------ THE RECORDS ------

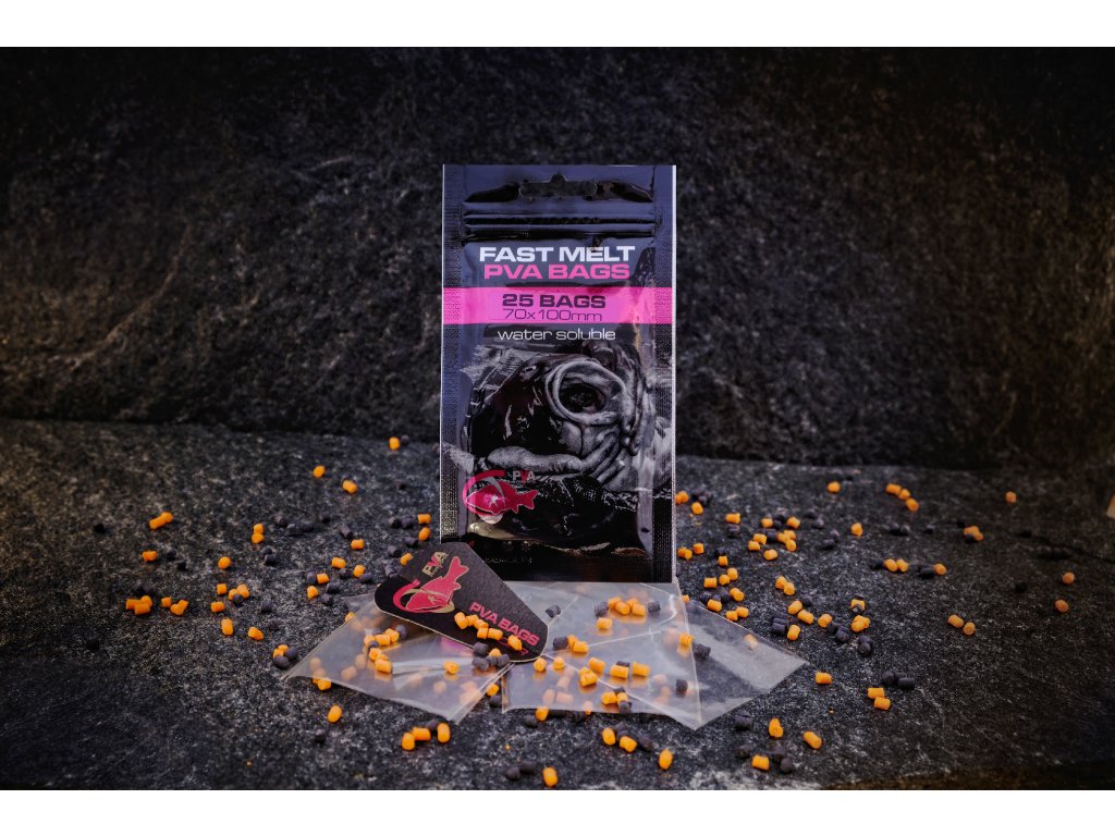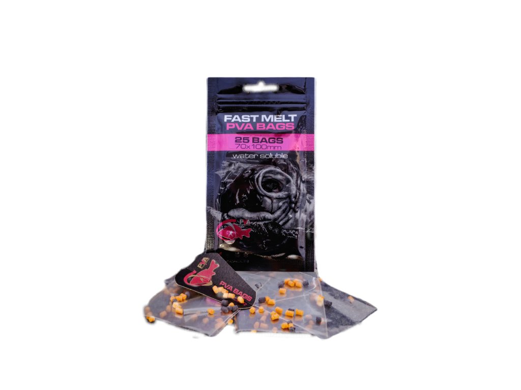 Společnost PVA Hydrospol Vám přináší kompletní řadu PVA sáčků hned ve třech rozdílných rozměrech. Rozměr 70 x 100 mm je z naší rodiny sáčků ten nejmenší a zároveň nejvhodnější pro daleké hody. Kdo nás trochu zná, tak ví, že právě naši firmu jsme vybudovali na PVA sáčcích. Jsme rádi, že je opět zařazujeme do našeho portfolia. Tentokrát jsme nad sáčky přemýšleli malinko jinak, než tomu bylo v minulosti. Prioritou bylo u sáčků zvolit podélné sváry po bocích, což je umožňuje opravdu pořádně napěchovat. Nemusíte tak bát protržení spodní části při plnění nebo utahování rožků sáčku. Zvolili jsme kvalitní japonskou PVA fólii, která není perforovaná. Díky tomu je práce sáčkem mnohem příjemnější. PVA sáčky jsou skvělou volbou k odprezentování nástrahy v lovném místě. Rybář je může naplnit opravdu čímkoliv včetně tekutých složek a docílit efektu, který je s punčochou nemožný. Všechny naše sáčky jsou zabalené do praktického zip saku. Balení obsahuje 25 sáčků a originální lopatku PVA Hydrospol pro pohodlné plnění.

------
------ THE RECORDS ------

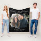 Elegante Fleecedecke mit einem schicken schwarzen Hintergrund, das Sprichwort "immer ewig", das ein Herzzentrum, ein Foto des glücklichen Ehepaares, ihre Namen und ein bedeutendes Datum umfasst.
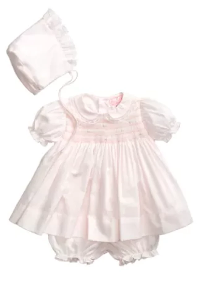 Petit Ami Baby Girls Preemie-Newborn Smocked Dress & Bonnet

------
------ THE RECORDS ------

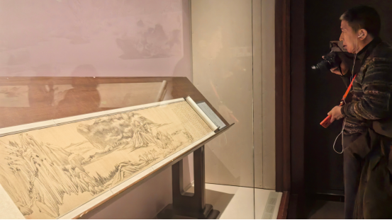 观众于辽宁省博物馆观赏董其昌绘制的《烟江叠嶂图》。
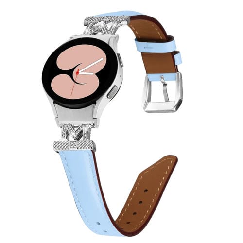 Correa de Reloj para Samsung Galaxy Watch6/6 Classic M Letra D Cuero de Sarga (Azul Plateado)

------

Copy the lines above exactly, starting with the line that contains "Elegante Fleecedecke mit" and ending with the line that contains "Petit Ami Baby", and leave out any pictures.

TASK OUTPUT:
 Elegante Fleecedecke mit einem schicken schwarzen Hintergrund, das Sprichwort "immer ewig", das ein Herzzentrum, ein Foto des glücklichen Ehepaares, ihre Namen und ein bedeutendes Datum umfasst.
 Petit Ami Baby Girls Preemie-Newborn Smocked Dress & Bonnet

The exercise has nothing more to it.